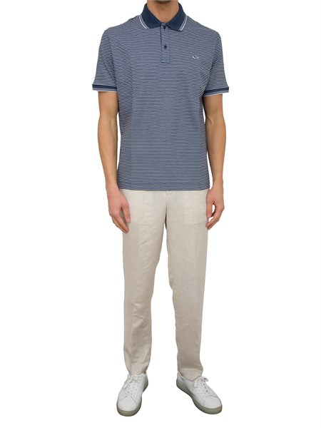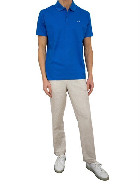 Polo a maniche corte con colletto classico e abbottonatura a due bottoni, con logo stampato sul petto e dettaglio cuciture a contrasto. Realizzata in jersey di cotone indaco. Fit regolare.Il modello è alto 1.90m e indossa la taglia L.
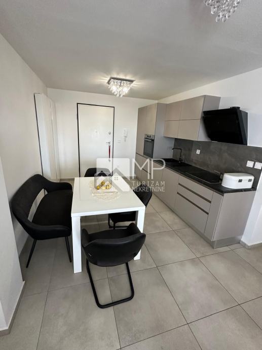 kuhinja s blagovaonicom i dnevnim boravkom sa izlazom na natkrivenu terasu gdje se prostire otvoreni pogled na more, kupaonice i dvije spavaće sobe.
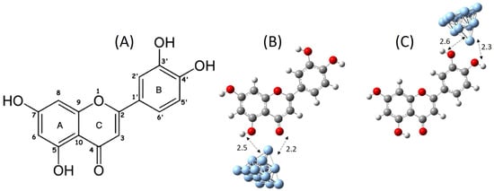 The atom numbering and ring labeling of the three rings for luteolin is shown in Figure 1. If luteolin is exposed to a metal surface, it presents two different sites, which should be prone to adsorption by the metal, i.e., C(4)=O/C(5)-OH on rings C and A, and C(3′)-OH/C(4′)-OH on ring B.

→ Task:
Going from the line with "kuhinja s blagovaonicom" to the last line of the listing, write out each line exactly and nothing else. Leave out all pictures.

→ Answer section:
 kuhinja s blagovaonicom i dnevnim boravkom sa izlazom na natkrivenu terasu gdje se prostire otvoreni pogled na more, kupaonice i dvije spavaće sobe.
 The atom numbering and ring labeling of the three rings for luteolin is shown in Figure 1. If luteolin is exposed to a metal surface, it presents two different sites, which should be prone to adsorption by the metal, i.e., C(4)=O/C(5)-OH on rings C and A, and C(3′)-OH/C(4′)-OH on ring B.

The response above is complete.